ASSIGNMENT
Pictures aside, repeat the listing below exactly.

INFORMATION SUPPLIED
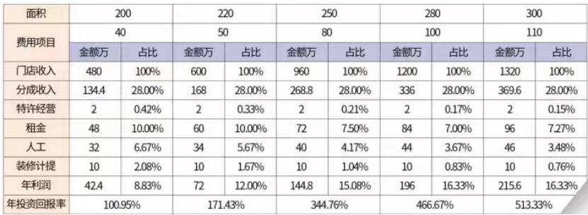 据嗨特购招商加盟负责人提供的资料显示,加盟商享有28%的销售分成。对于250平方米的门店进行经营假设,以分成收入268.8万减去租金、人工、特许经营和装修等成本费用,预计可获得年利润为144.8万元,年投资回报率为344.76%。
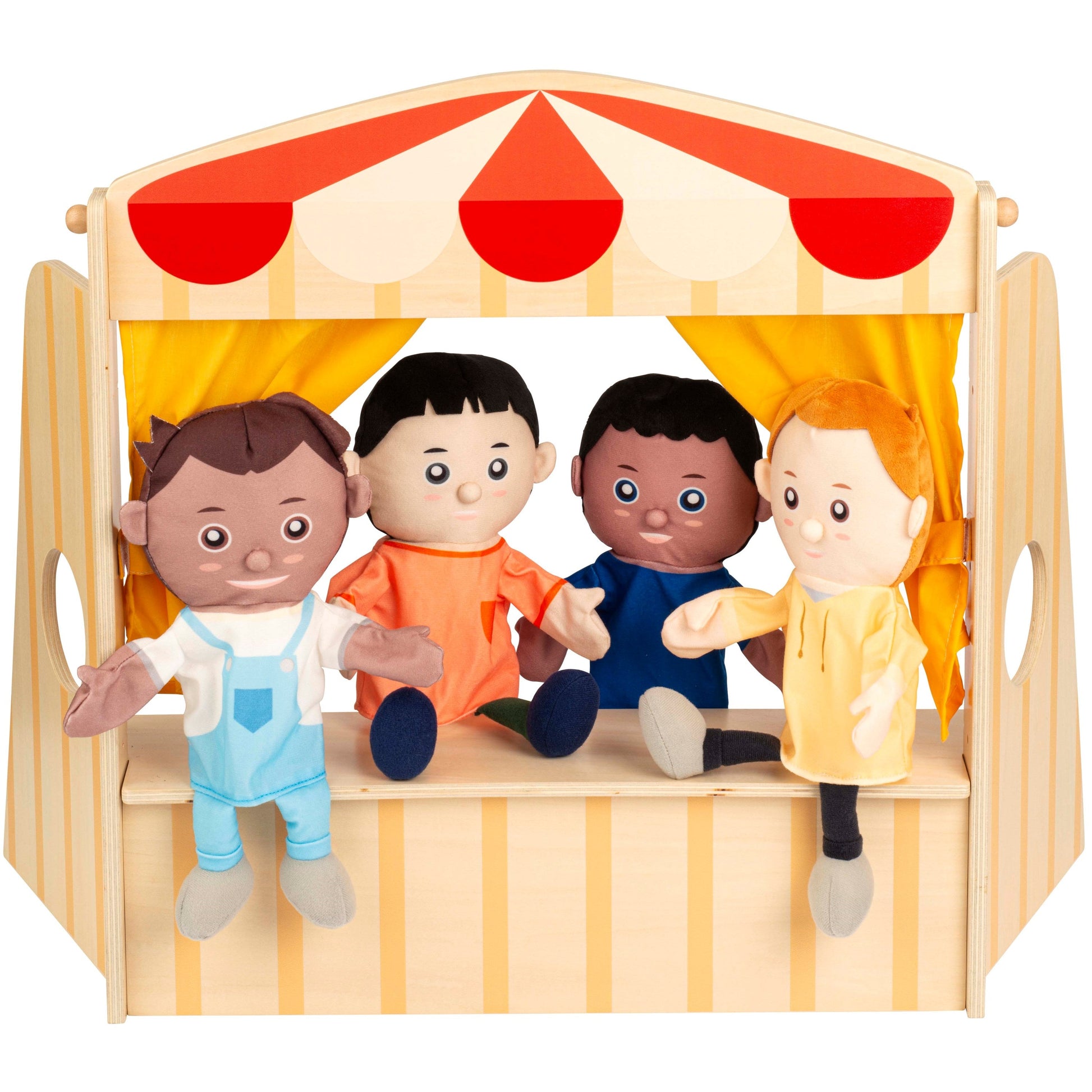 A set with a variety of puppets with which children can imitate all kinds of situations. The set can be used in combination with the puppet theatre.
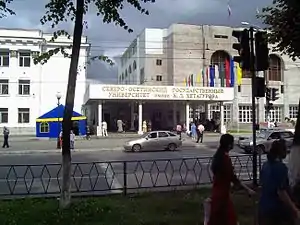 - 46 — Северо-Осетинский государственный университет имени К. Л. Хетагурова. До 1969 года Северо-Осетинский педагогический институт. Здание построено в 1937 году по проекту архитектора И. Хурумова. Является памятником истории и культуры Северной Осетии[9] и объектом культурного наследия федерального значения (код 1500000223).[10]
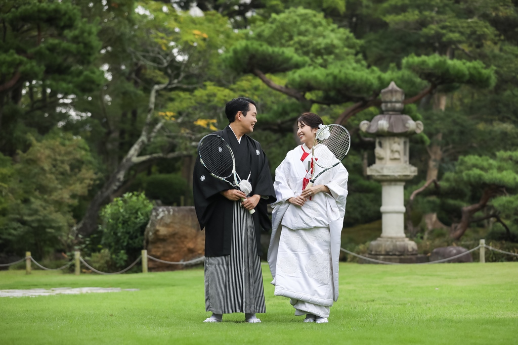 和室はもちろん、洋館でも、庭園でも、色々な場所で撮影を楽しめて、六華苑を満喫していただけましたね。こだわりアイテムのテニスラケットを持ってのお写真では、とびきりの幸せいっぱいな笑顔がとっても素敵です。
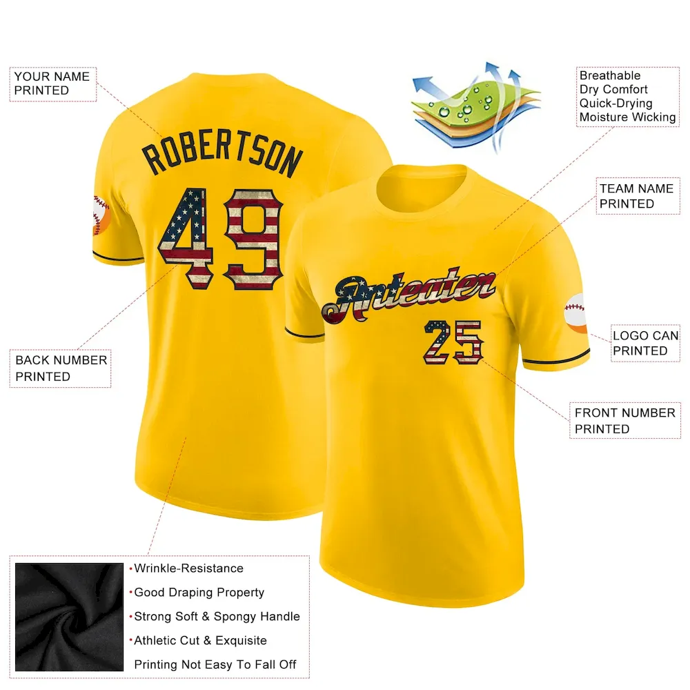 Custom-Yellow-Vintage-USA-FlagBlack-Performance-TShirt
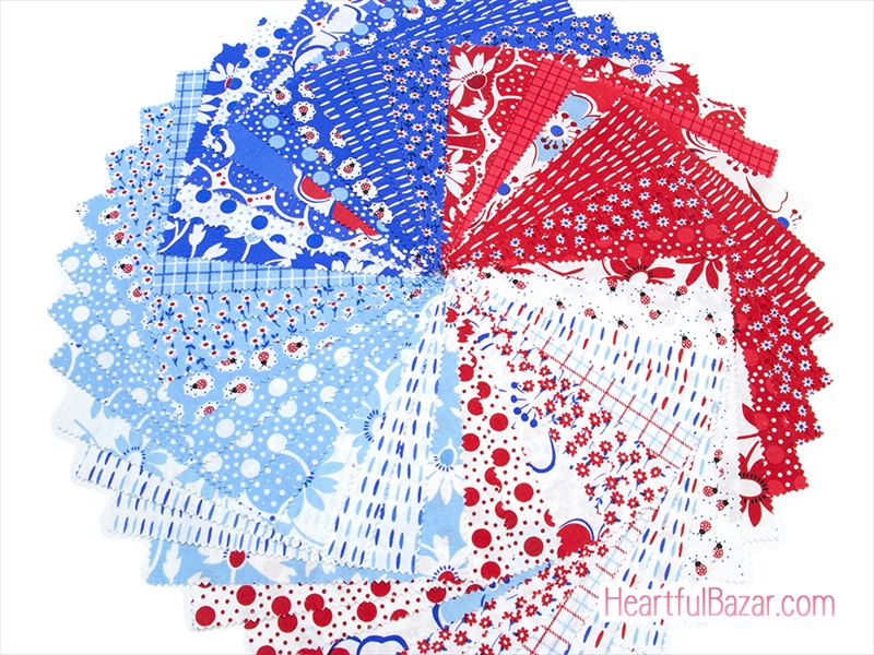 ヴィンテージのフィードサックを明るくクリアな白と赤と青で復刻したシリーズ。
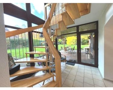 Insgesamt verfügt das Haus über acht Zimmer, drei Bäder und drei Abstellräume, zwei Treppenaufgänge, sowie einen Dachboden und einen Spitzboden. Es wirkt hell, lichtdurchflutet und modern.
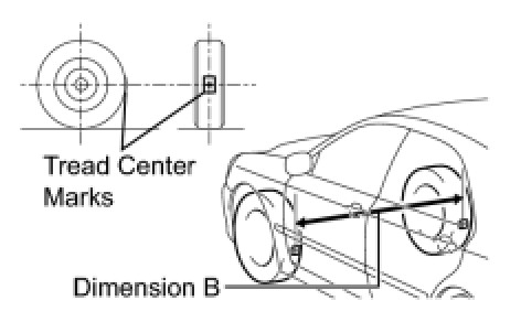 (d) Put tread center marks on the rear-most points of the front wheels and measure the distance between the marks (dimension B).
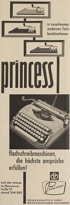 Werbeanzeige für Schreibmaschine Princess monochrom
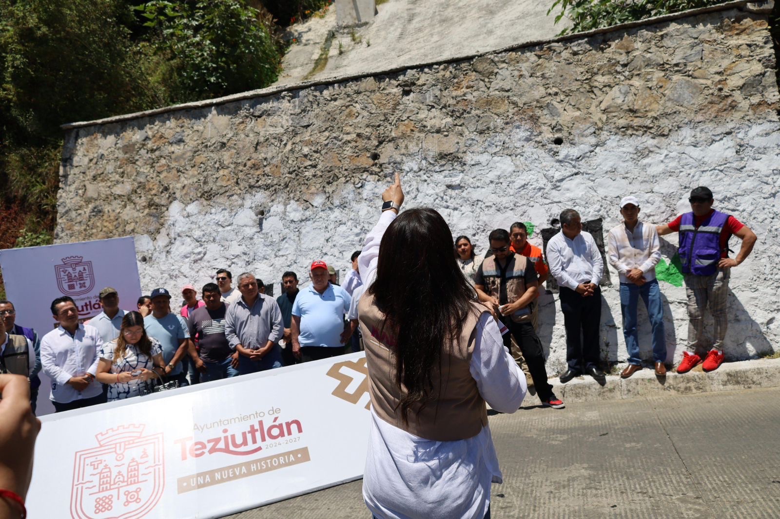 Como parte de una gira de trabajo, la alcaldesa encabezó la entrega de muros de contención en puntos considerados de riesgo, como el Arco Francia, donde se colocaron pilotes para evitar deslaves que amenazaban viviendas. También se realizaron obras similares en el Circuito Juan Pablo Segundo, en Coyotzingo, y en el camino antiguo a Xoloateno, atendiendo solicitudes de vecinos.
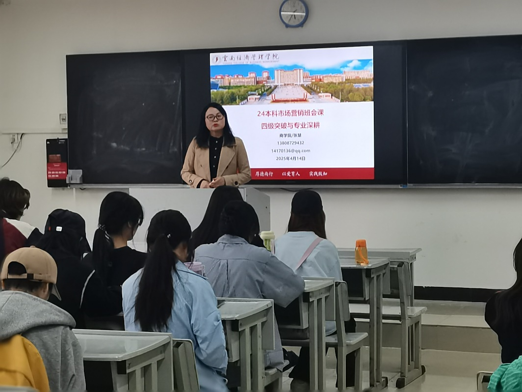 - 从四级冲刺到专业深耕——导师引领24市场营销班逐梦前行2025 年 4 月 14 日下午,商学院 24 本科市场营销班迎来了一场意义非凡的班会。本次班会由学业导师张慧老师精心组织,主题为“四级突破与专业深耕”,旨在为同学们的学业发展提供明确的方向和有力的支持。班会开始,张慧老师聚焦于英语四级考试这一重要关卡。她指出,英语四级是每位大学生必须跨越的门槛,对于未来的职业发展和个人成长都有着不可忽视的影响。为了帮助同学们顺利通过四级考试,张老师分析了所有学生的英语四级成绩,并调研了学生的想法,将以往成
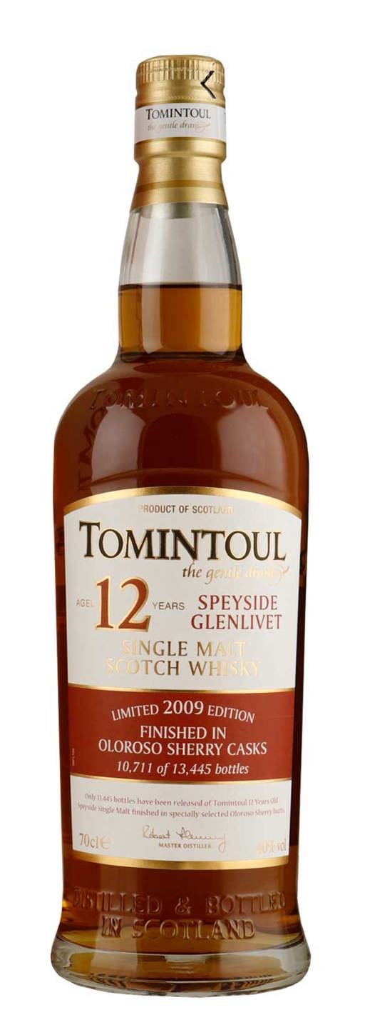 Een gelimiteerde hoeveelheid Tomintoul van 12 jaar oude malts wordt de laatste 18 maanden gelagerd op Oloroso sherry vaten.
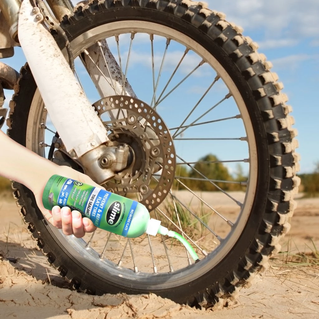This Slime tyre sealant should not be used on tyres losing air from damaged rims, bead leaks or side wall raptures. It is formulated to off-highway tires such as dollies, ATVs, dirt bikes, tractors and wheelbarrows.
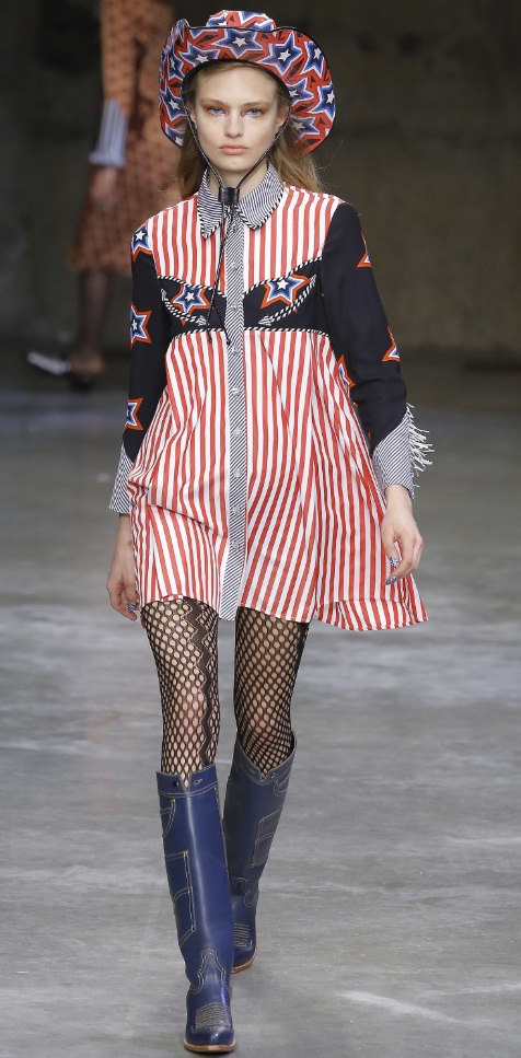At House of Holland, red, white and blue was the look of the day. Try embracing this colour scheme with a vertical striped shirtdress, tiny stars and fringe accents on the sleeves. Add black mesh tights, knee-high blue leather boots and a matching playful hat.

RESULT
 据嗨特购招商加盟负责人提供的资料显示,加盟商享有28%的销售分成。对于250平方米的门店进行经营假设,以分成收入268.8万减去租金、人工、特许经营和装修等成本费用,预计可获得年利润为144.8万元,年投资回报率为344.76%。
 A set with a variety of puppets with which children can imitate all kinds of situations. The set can be used in combination with the puppet theatre.
 - 46 — Северо-Осетинский государственный университет имени К. Л. Хетагурова. До 1969 года Северо-Осетинский педагогический институт. Здание построено в 1937 году по проекту архитектора И. Хурумова. Является памятником истории и культуры Северной Осетии[9] и объектом культурного наследия федерального значения (код 1500000223).[10]
 和室はもちろん、洋館でも、庭園でも、色々な場所で撮影を楽しめて、六華苑を満喫していただけましたね。こだわりアイテムのテニスラケットを持ってのお写真では、とびきりの幸せいっぱいな笑顔がとっても素敵です。
 Custom-Yellow-Vintage-USA-FlagBlack-Performance-TShirt
 ヴィンテージのフィードサックを明るくクリアな白と赤と青で復刻したシリーズ。
 Insgesamt verfügt das Haus über acht Zimmer, drei Bäder und drei Abstellräume, zwei Treppenaufgänge, sowie einen Dachboden und einen Spitzboden. Es wirkt hell, lichtdurchflutet und modern.
 (d) Put tread center marks on the rear-most points of the front wheels and measure the distance between the marks (dimension B).
 Werbeanzeige für Schreibmaschine Princess monochrom
 Como parte de una gira de trabajo, la alcaldesa encabezó la entrega de muros de contención en puntos considerados de riesgo, como el Arco Francia, donde se colocaron pilotes para evitar deslaves que amenazaban viviendas. También se realizaron obras similares en el Circuito Juan Pablo Segundo, en Coyotzingo, y en el camino antiguo a Xoloateno, atendiendo solicitudes de vecinos.
 - 从四级冲刺到专业深耕——导师引领24市场营销班逐梦前行2025 年 4 月 14 日下午,商学院 24 本科市场营销班迎来了一场意义非凡的班会。本次班会由学业导师张慧老师精心组织,主题为“四级突破与专业深耕”,旨在为同学们的学业发展提供明确的方向和有力的支持。班会开始,张慧老师聚焦于英语四级考试这一重要关卡。她指出,英语四级是每位大学生必须跨越的门槛,对于未来的职业发展和个人成长都有着不可忽视的影响。为了帮助同学们顺利通过四级考试,张老师分析了所有学生的英语四级成绩,并调研了学生的想法,将以往成
 Een gelimiteerde hoeveelheid Tomintoul van 12 jaar oude malts wordt de laatste 18 maanden gelagerd op Oloroso sherry vaten.
This Slime tyre sealant should not be used on tyres losing air from damaged rims, bead leaks or side wall raptures. It is formulated to off-highway tires such as dollies, ATVs, dirt bikes, tractors and wheelbarrows.
At House of Holland, red, white and blue was the look of the day. Try embracing this colour scheme with a vertical striped shirtdress, tiny stars and fringe accents on the sleeves. Add black mesh tights, knee-high blue leather boots and a matching playful hat.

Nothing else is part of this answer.